Читал мне вслух. Опять же это были слова привета и тревоги за здоровье дорогого им человека. Помнится, один из героев войны на море Вадим Чудов закончил свое послание так: "Мы любим Вас за то, что под пулями и снарядами Вы всегда были рядом с нами".

Сегодня нет в живых ни капитана 1-го ранга С. А. Барабанова, ни контр-адмирала А. М. Богдановича. Но не проходит ни одной встречи ветеранов Балтики, чтобы друзья по оружию не вспомнили их добрым словом.

"Тот ураган прошел, нас мало уцелело..."

Годы жизни в осажденном Ленинграде - это и для литераторов, журналистов было время борьбы, испытаний, потери боевых друзей, чье перо можно поистине приравнять к штыку и гранате. Редакциям флотских газет были нужны люди.

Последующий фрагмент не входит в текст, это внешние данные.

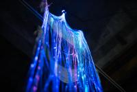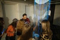 Эта талантливая художница потратила почти полтора месяца на создание уникальной текстильной инсталляции, включающей в себя два арт-объекта: зонт из ткани, сделанный вручную из оптоволокна с использованием прозрачных трубочек, из которых струится вода, и полотно, в которое вплетены светящиеся нити. В стенах музейной лаборатории посетители могут насладиться необычными и креативными произведениями искусства, представленными на этой выставке.
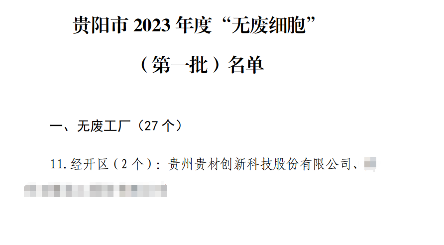 近日,貴陽(yáng)市 2023 年度“無廢細(xì)胞”(第一批)名單已經(jīng)市“無廢城市”建設(shè)工作領(lǐng)導(dǎo)小組審定,貴州貴材創(chuàng)新科技股份有限公司(以下簡(jiǎn)稱“貴材科技”)榮獲貴陽(yáng)市2023年度“無廢工廠”稱號(hào)。
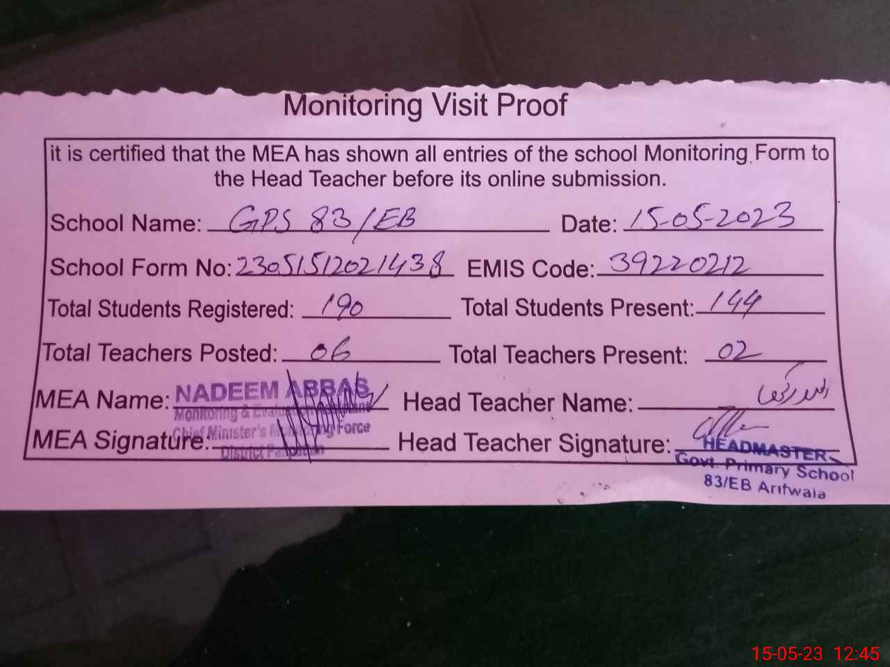 | Attendance Register | Head Teacher | MEA with School | Visit Proof |

Именно в эту пору вливались в боевой строй и те, кто мог оставаться на своем прежнем месте. Так оказался на переднем крае начальник отделения печати Политуправления флота Илья Иголкин. Мы привыкли его видеть, обложенного подшивками флотских газет, а их выходило десятки на кораблях и в крупных соединениях. Сидел и занимался вроде бы кабинетной работой. А в сентябре сорок первого, когда немецкая бронированная машина подкатывалась к стенам Ленинграда, Илья не утерпел, отпросился на линкор "Марат", что стоял в Морском канале в Ленинграде и почти круглые сутки с небольшими перерывами вел бой с немецкими батареями. Илья там не отсиживался в глубоких недрах корабля, куда не долетали осколки вражеских снарядов. Наоборот, он все время был на людях, на боевых постах, рядом с моряками. Он правильно считал, что одно это ободряет моряков... Но случилось так, что немецкий снаряд разорвался на палубе и вместе с другими артиллеристами Илья был ранен, без сознания отправлен в госпиталь. Там ему ампутировали ногу.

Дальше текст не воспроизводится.